• **INPUT DATA**:
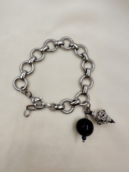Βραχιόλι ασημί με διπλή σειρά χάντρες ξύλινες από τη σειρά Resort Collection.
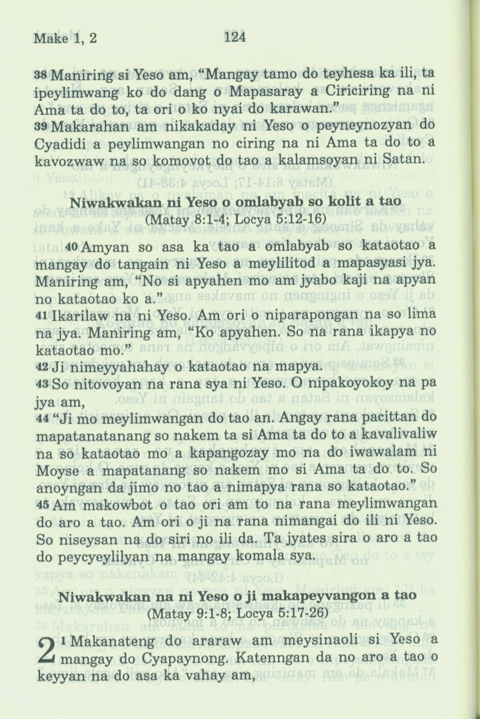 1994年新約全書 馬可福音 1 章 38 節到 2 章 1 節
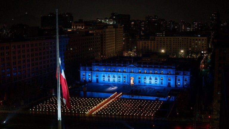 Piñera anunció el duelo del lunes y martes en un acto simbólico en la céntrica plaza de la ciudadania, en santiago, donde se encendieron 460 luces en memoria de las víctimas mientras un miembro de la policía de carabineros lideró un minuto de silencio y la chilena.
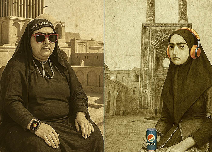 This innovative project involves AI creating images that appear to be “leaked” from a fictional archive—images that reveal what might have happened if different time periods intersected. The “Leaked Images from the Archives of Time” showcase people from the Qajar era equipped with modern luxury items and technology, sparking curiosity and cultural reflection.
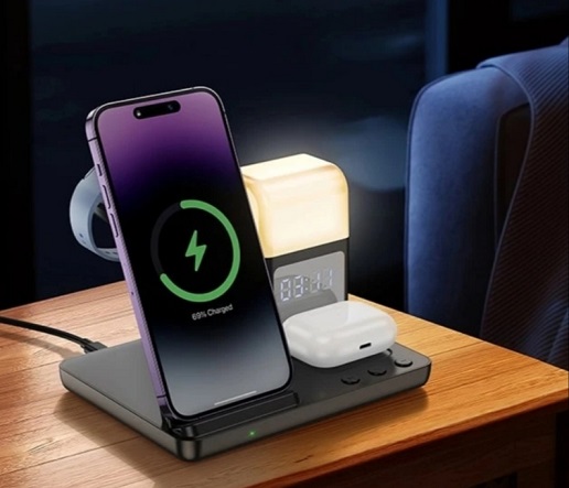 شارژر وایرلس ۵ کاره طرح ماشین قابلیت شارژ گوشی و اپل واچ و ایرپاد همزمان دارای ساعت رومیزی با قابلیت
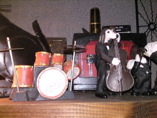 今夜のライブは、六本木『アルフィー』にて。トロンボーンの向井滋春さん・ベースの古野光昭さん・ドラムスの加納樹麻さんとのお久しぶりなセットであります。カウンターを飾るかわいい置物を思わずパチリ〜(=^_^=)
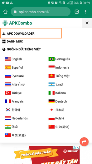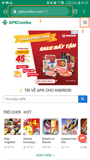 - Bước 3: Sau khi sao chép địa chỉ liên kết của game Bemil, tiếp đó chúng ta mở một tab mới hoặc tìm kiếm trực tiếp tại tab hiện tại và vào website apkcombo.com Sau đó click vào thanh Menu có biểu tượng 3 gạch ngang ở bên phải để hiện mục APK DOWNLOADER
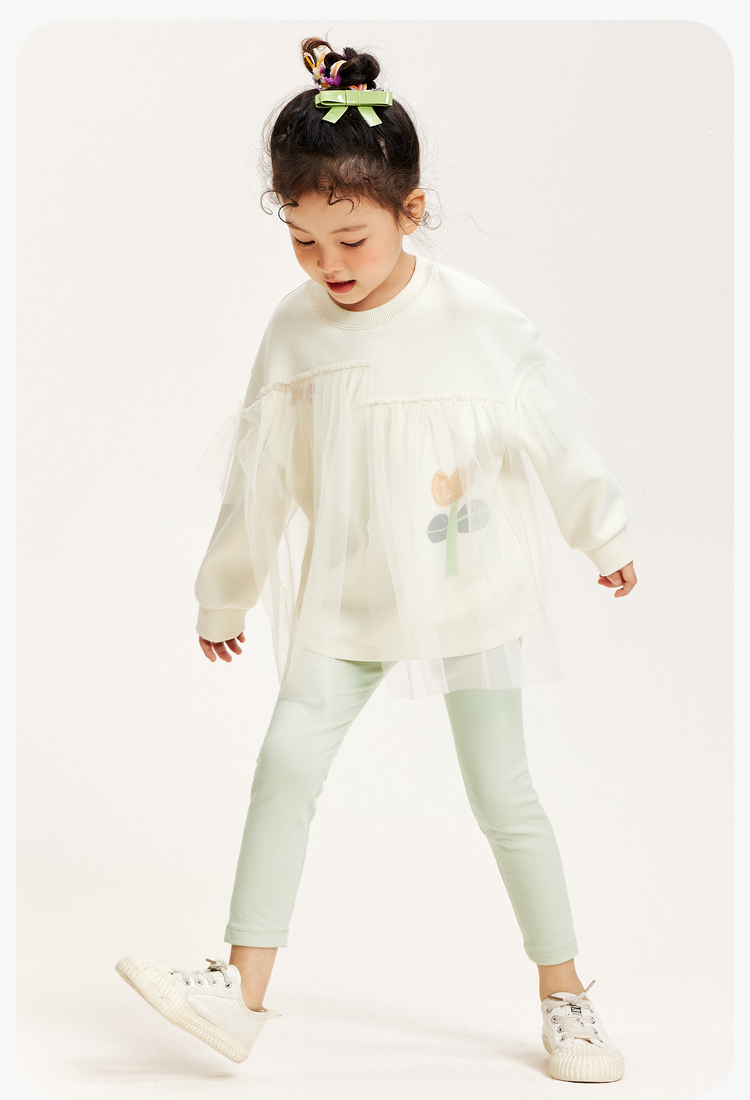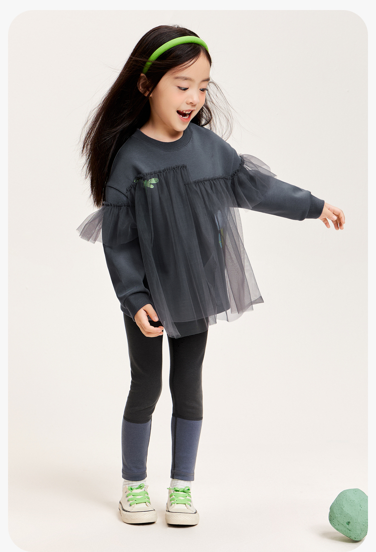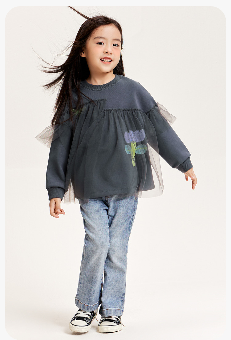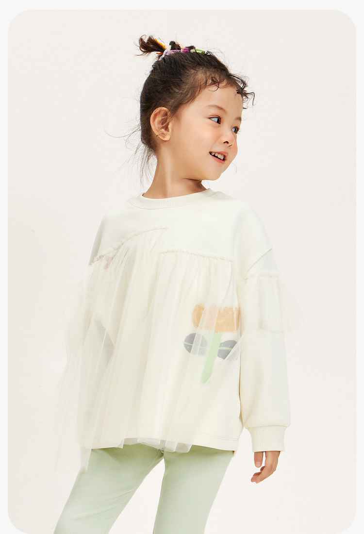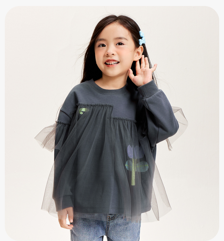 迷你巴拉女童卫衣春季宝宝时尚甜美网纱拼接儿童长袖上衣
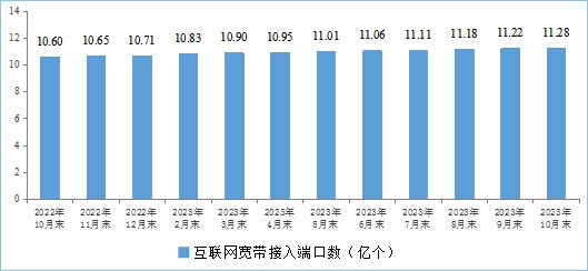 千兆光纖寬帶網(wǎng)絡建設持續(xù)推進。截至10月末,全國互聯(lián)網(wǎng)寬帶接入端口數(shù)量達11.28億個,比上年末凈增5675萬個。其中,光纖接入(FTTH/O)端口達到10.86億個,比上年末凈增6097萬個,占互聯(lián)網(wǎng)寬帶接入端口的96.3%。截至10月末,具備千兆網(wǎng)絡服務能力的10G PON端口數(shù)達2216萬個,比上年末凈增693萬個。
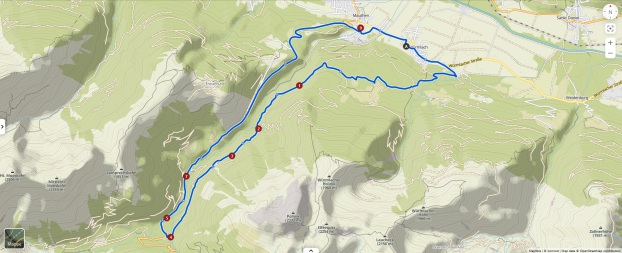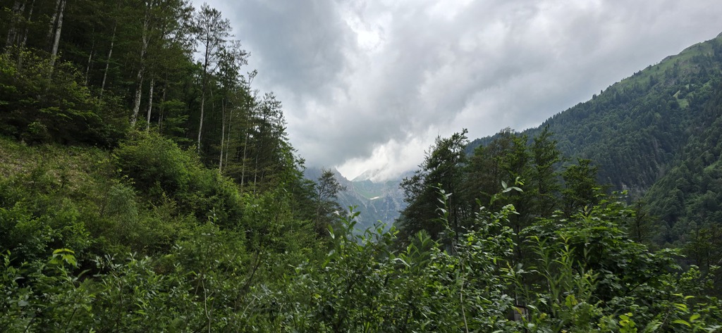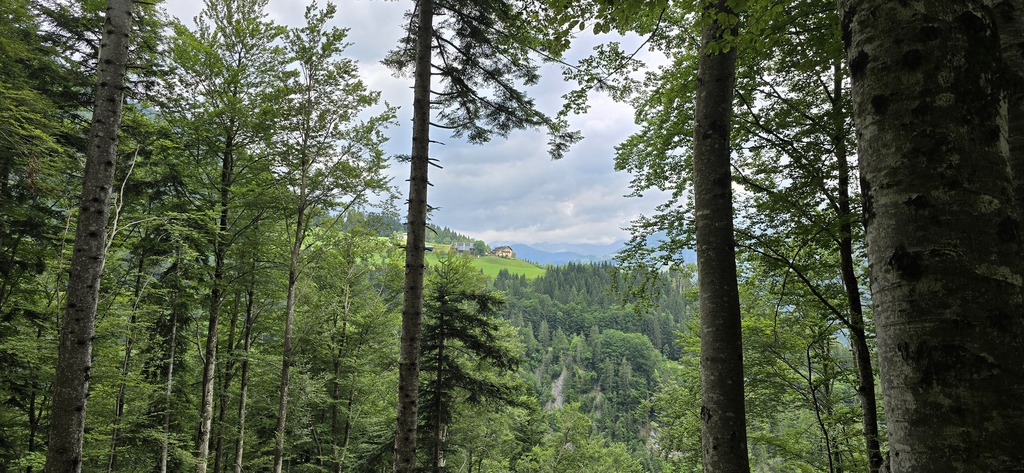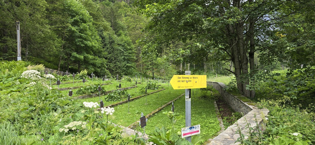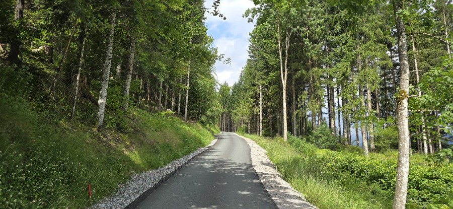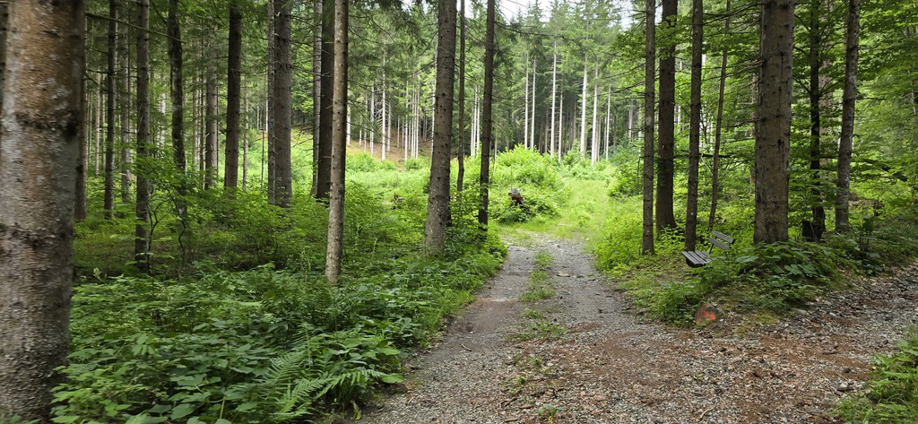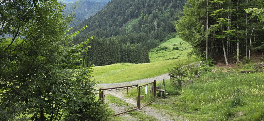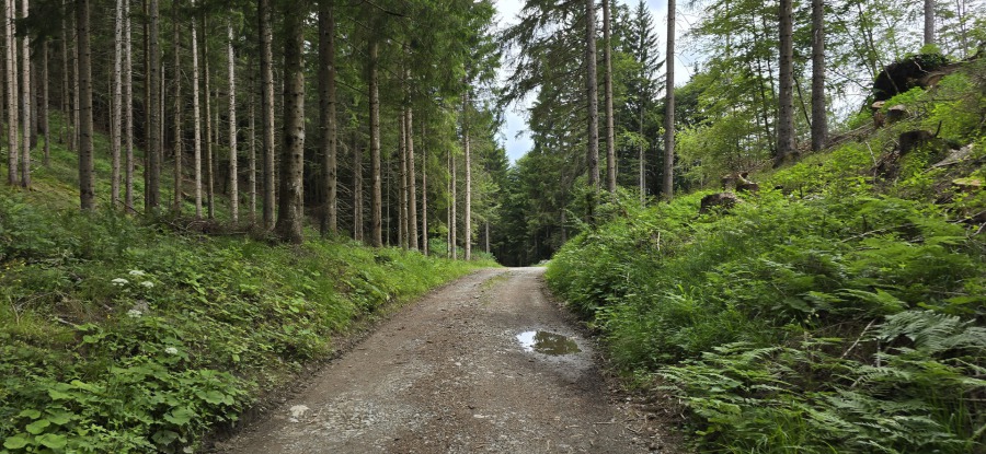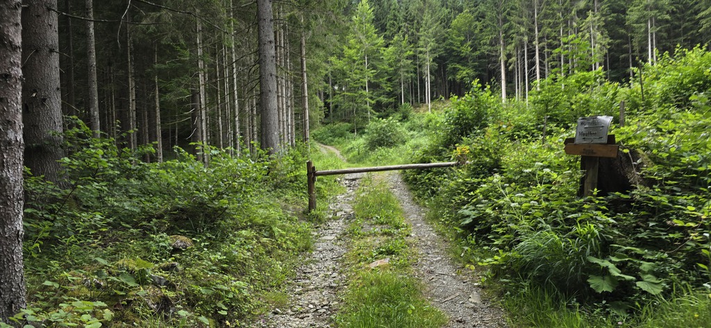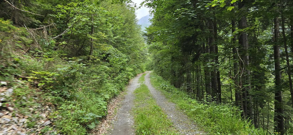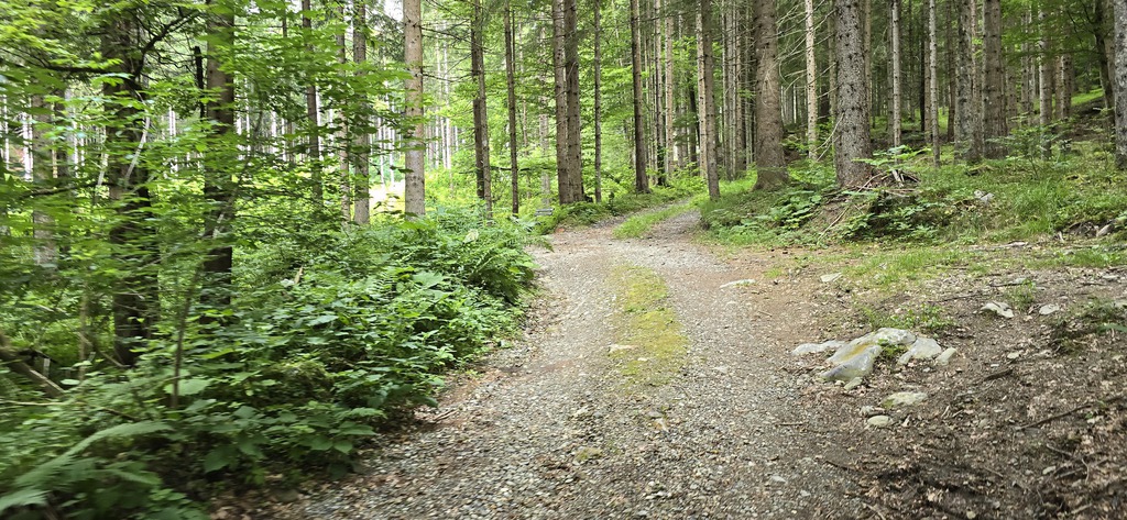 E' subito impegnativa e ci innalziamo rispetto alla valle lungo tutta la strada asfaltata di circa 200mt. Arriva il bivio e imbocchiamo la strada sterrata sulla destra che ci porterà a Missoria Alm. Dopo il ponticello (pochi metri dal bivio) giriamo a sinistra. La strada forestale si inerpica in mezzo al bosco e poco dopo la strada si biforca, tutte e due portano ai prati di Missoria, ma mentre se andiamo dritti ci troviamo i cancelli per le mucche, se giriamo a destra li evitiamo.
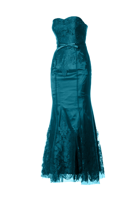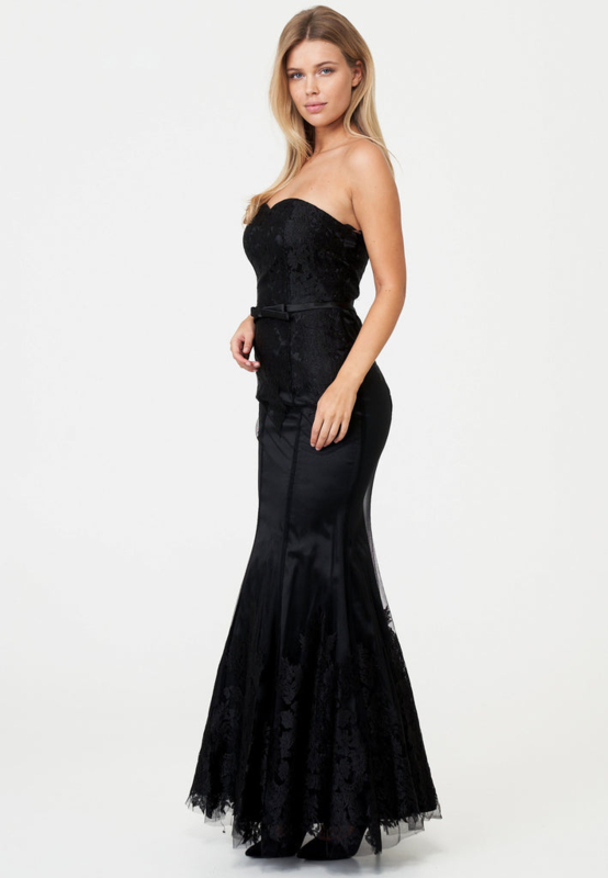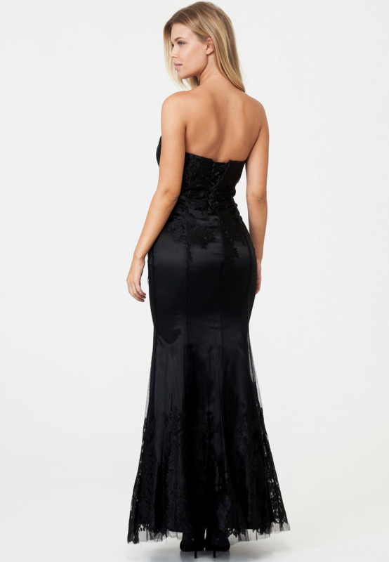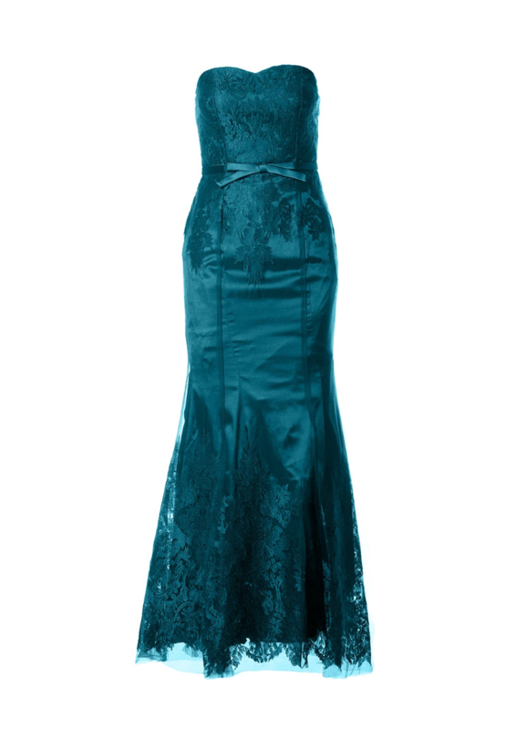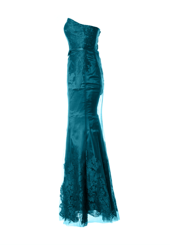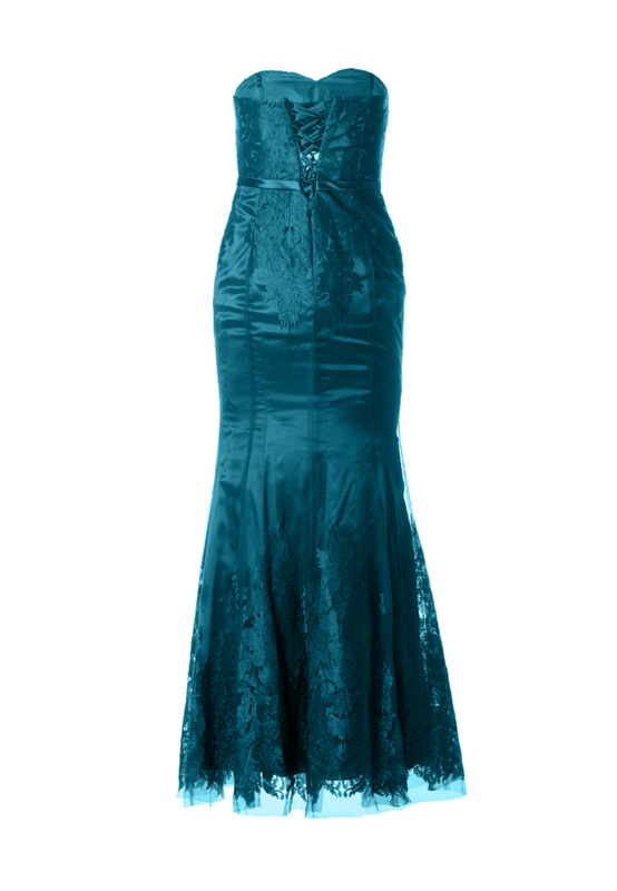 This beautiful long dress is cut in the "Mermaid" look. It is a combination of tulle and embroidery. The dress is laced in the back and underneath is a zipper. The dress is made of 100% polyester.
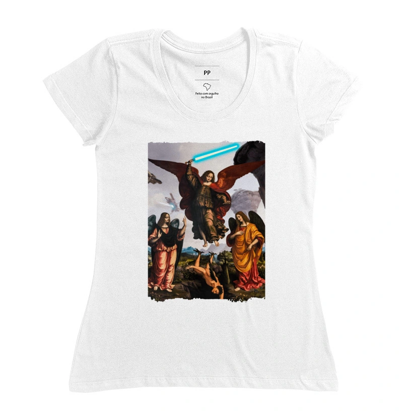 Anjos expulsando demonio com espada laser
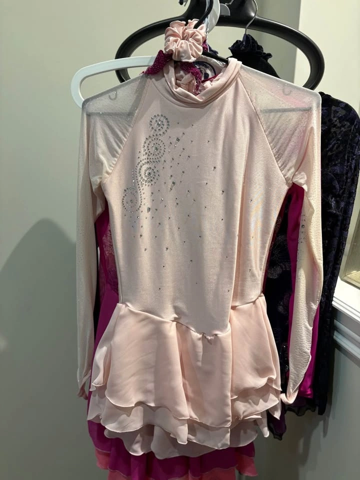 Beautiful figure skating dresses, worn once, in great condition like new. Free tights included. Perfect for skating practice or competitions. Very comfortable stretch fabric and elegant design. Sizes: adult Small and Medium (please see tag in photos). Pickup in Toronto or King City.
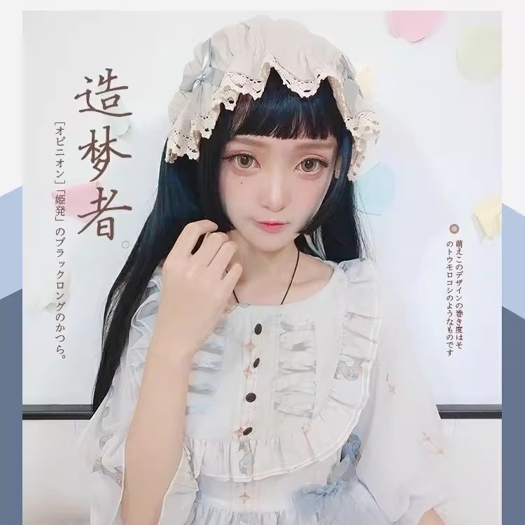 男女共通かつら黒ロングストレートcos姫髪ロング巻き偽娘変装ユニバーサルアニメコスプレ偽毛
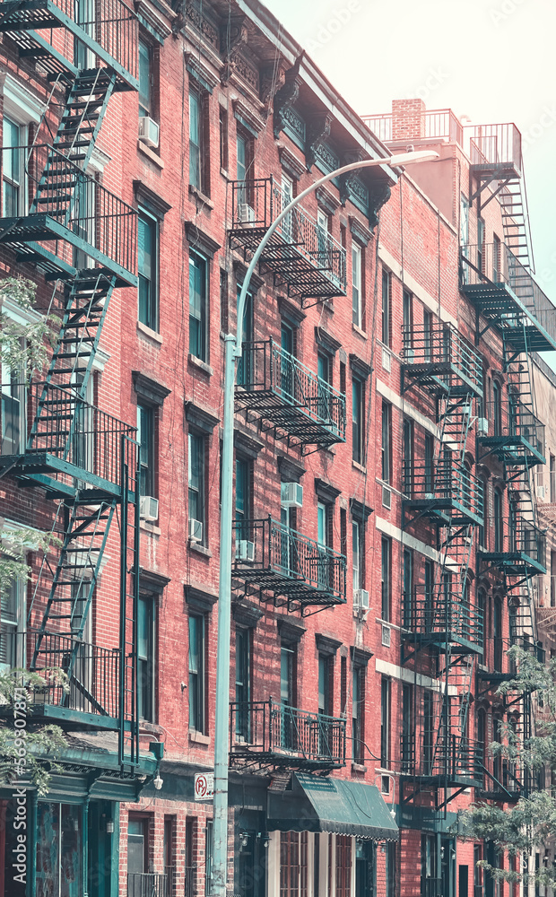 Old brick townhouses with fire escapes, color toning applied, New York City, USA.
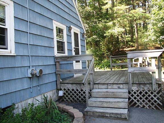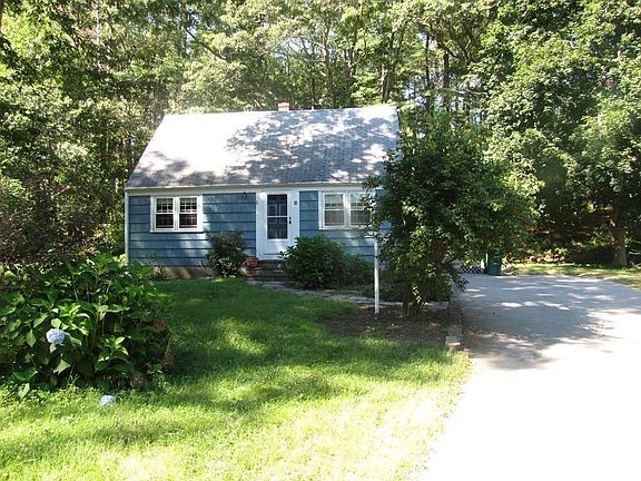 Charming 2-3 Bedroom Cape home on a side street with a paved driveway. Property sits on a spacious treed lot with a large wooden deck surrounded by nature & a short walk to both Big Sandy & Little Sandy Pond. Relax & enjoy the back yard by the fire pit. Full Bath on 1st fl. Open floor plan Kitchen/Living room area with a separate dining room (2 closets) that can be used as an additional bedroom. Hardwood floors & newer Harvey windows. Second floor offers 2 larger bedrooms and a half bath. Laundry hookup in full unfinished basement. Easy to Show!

• **WORK TO BE COMPLETED**: What lines above run from the one with "1994年新約全書 馬可福音 1 章 38 節到 2 章 1 節" to the one with "شارژر وایرلس ۵"? Give them again exactly, ends included, and leave the pictures out.

• **REPLY**:
 1994年新約全書 馬可福音 1 章 38 節到 2 章 1 節
 Piñera anunció el duelo del lunes y martes en un acto simbólico en la céntrica plaza de la ciudadania, en santiago, donde se encendieron 460 luces en memoria de las víctimas mientras un miembro de la policía de carabineros lideró un minuto de silencio y la chilena.
 This innovative project involves AI creating images that appear to be “leaked” from a fictional archive—images that reveal what might have happened if different time periods intersected. The “Leaked Images from the Archives of Time” showcase people from the Qajar era equipped with modern luxury items and technology, sparking curiosity and cultural reflection.
 شارژر وایرلس ۵ کاره طرح ماشین قابلیت شارژ گوشی و اپل واچ و ایرپاد همزمان دارای ساعت رومیزی با قابلیت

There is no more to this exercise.